#### AIM OF THE EXERCISE
Verbatim output of the lines below is required, with the images omitted.

--- RECORD EXTRACTS ---

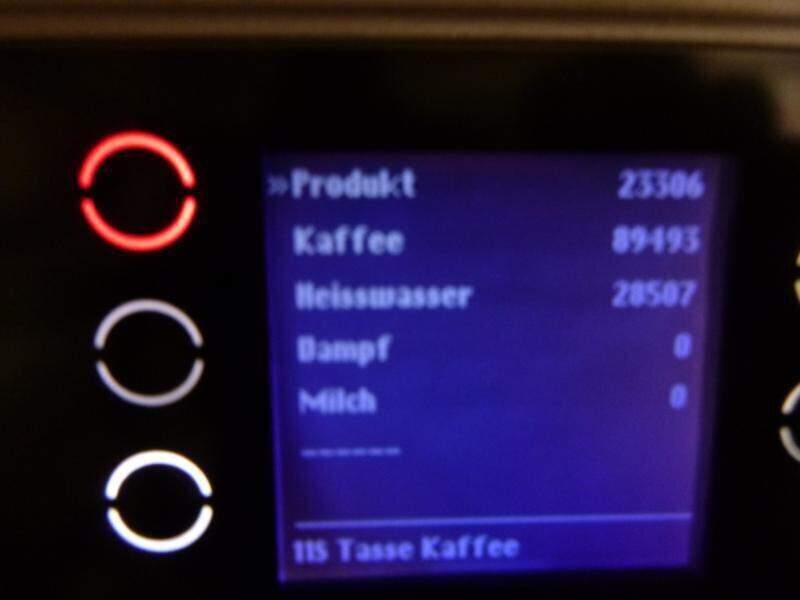 Angabe lt. Display: Produkt 23306, Kaffee 89493, Heisswasser 28507, Dampf+Milch 0Stk.
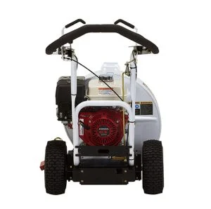 Little Wonder Walk Behind Blower 9270-12-01 features a Honda GX270 engine and 17-inch, 7 blade steel impeller to easily move leaves and debris. The large discharge chute is low to the ground for better blowing power and the ergonomic, adjustable handle design reduces vibration during use. The blower’s 10-inch pneumatic front tires and 13-inch turf tread rear tires offer incredible maneuverability and boast variable speeds up to 4.1 mph forward and 2.5 mph reverse.
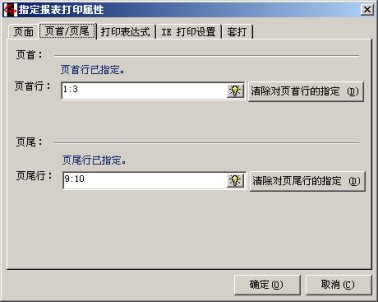 - 切换到“页首 / 页尾”选项卡,指定页首行和页尾行。可以手工输入,也可以点击带灯图案的按钮,直接从工作表上选择。
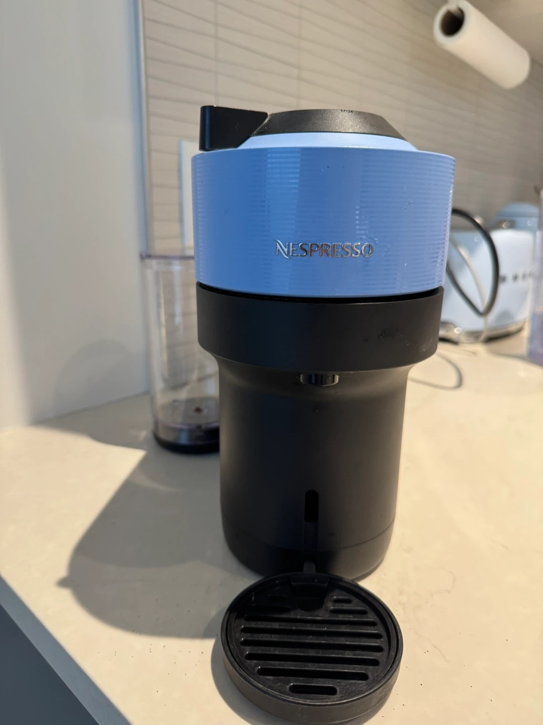 Selling a Nespresso Vertuo Pop coffee machine in light blue. It's in great shape and ready to make some delicious coffee.
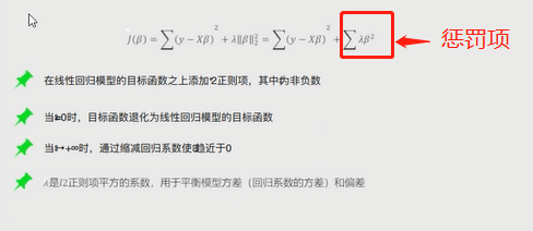 在线性回归模型的基础上添加了一个L2惩罚项(也叫做平方项或者正则项) # 该模型最终转变成求解圆柱体抛物线的焦点问题
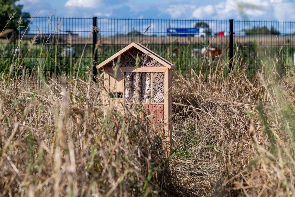 Ook plaatsen we insectenhotels, zodat bijen, vlinders en andere nuttige insecten een thuis vinden. Zo wordt een zonnepark niet alleen een plek voor energieopwekking, maar ook een leefgebied vol nieuw leven.
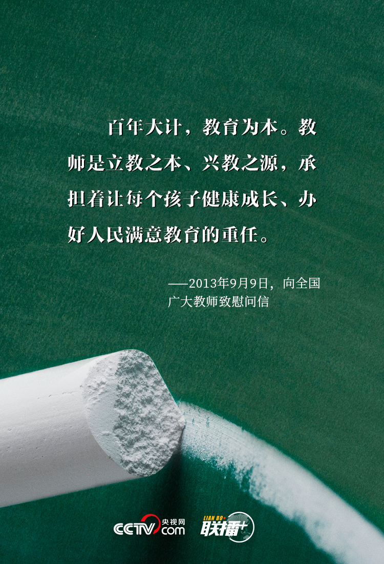 “三寸粉笔,三尺讲台系国运;一颗丹心,一生秉烛铸民魂。”习近平总书记一直以来高度重视中国教育发展和教师工作,身体力行倡导尊师重教,深刻指出“好老师”对于个人、集体乃至民族复兴的重要意义,深情表达对中华民族“梦之队”筑梦人的殷殷厚望。央视网《联播+》特梳理,与您共同学习。
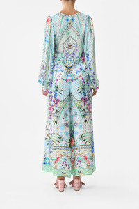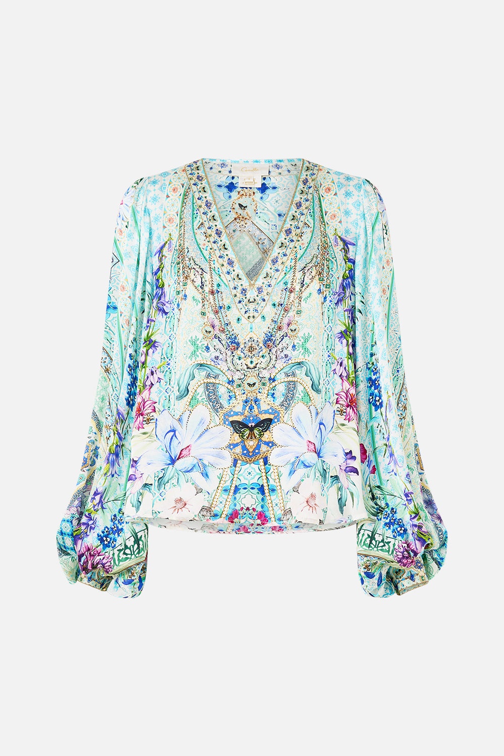 Designed in Australia, The Sunrise In Sintra V-Neck Blouson Sleeve Blouse celebrates lush gardens and eclectic nineteenth-century architecture, where light blues and intricate tiles reflect exotic motifs, inviting you into botanical beauty. Lovingly handcrafted, this gorgeous V-neck blouse features billowing blouson sleeves, button-up cuff detailing, and a relaxed fit, combining effortless elegance with refined tailoring. - V Neckline - Blouson Sleeve - Button Up Cuff Detail - Relaxed Fit - Non Sheer - Button Through Front SKU 00033957-SUNRSINT-XXS Fabric and Care 100% SILK Silk satin embodies a sumptuously smooth finish that offers a rich buttery touch to the skin. As a result of the satin weaving technique, it masterfully creates a fuller bounce to the body and drape details.
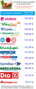 Así se desprende de un estudio realizado a 46 artículos comunes del hogar (sin incluir pescadería) a doce comercios online, elaborado por Mavafer Consultores para el blog Desde Mi Atalaya.
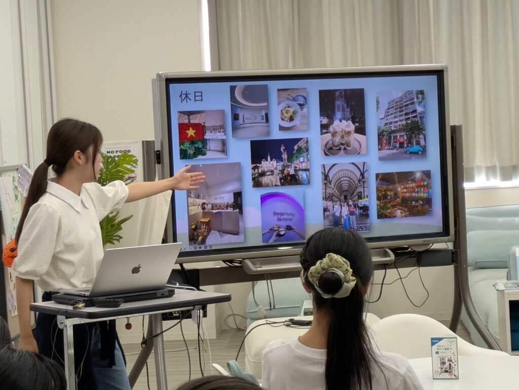 本年度夏に行われた海外ボランティア研修(科目名「海外ボランティア実践」)の報告会が2025年10月6日から10月8日の昼休みにi-Spaceで行われました。

---

#### EXPECTED ANSWER
 Angabe lt. Display: Produkt 23306, Kaffee 89493, Heisswasser 28507, Dampf+Milch 0Stk.
 Little Wonder Walk Behind Blower 9270-12-01 features a Honda GX270 engine and 17-inch, 7 blade steel impeller to easily move leaves and debris. The large discharge chute is low to the ground for better blowing power and the ergonomic, adjustable handle design reduces vibration during use. The blower’s 10-inch pneumatic front tires and 13-inch turf tread rear tires offer incredible maneuverability and boast variable speeds up to 4.1 mph forward and 2.5 mph reverse.
 - 切换到“页首 / 页尾”选项卡,指定页首行和页尾行。可以手工输入,也可以点击带灯图案的按钮,直接从工作表上选择。
 Selling a Nespresso Vertuo Pop coffee machine in light blue. It's in great shape and ready to make some delicious coffee.
 在线性回归模型的基础上添加了一个L2惩罚项(也叫做平方项或者正则项) # 该模型最终转变成求解圆柱体抛物线的焦点问题
 Ook plaatsen we insectenhotels, zodat bijen, vlinders en andere nuttige insecten een thuis vinden. Zo wordt een zonnepark niet alleen een plek voor energieopwekking, maar ook een leefgebied vol nieuw leven.
 “三寸粉笔,三尺讲台系国运;一颗丹心,一生秉烛铸民魂。”习近平总书记一直以来高度重视中国教育发展和教师工作,身体力行倡导尊师重教,深刻指出“好老师”对于个人、集体乃至民族复兴的重要意义,深情表达对中华民族“梦之队”筑梦人的殷殷厚望。央视网《联播+》特梳理,与您共同学习。
 Designed in Australia, The Sunrise In Sintra V-Neck Blouson Sleeve Blouse celebrates lush gardens and eclectic nineteenth-century architecture, where light blues and intricate tiles reflect exotic motifs, inviting you into botanical beauty. Lovingly handcrafted, this gorgeous V-neck blouse features billowing blouson sleeves, button-up cuff detailing, and a relaxed fit, combining effortless elegance with refined tailoring. - V Neckline - Blouson Sleeve - Button Up Cuff Detail - Relaxed Fit - Non Sheer - Button Through Front SKU 00033957-SUNRSINT-XXS Fabric and Care 100% SILK Silk satin embodies a sumptuously smooth finish that offers a rich buttery touch to the skin. As a result of the satin weaving technique, it masterfully creates a fuller bounce to the body and drape details.
 Así se desprende de un estudio realizado a 46 artículos comunes del hogar (sin incluir pescadería) a doce comercios online, elaborado por Mavafer Consultores para el blog Desde Mi Atalaya.
 本年度夏に行われた海外ボランティア研修(科目名「海外ボランティア実践」)の報告会が2025年10月6日から10月8日の昼休みにi-Spaceで行われました。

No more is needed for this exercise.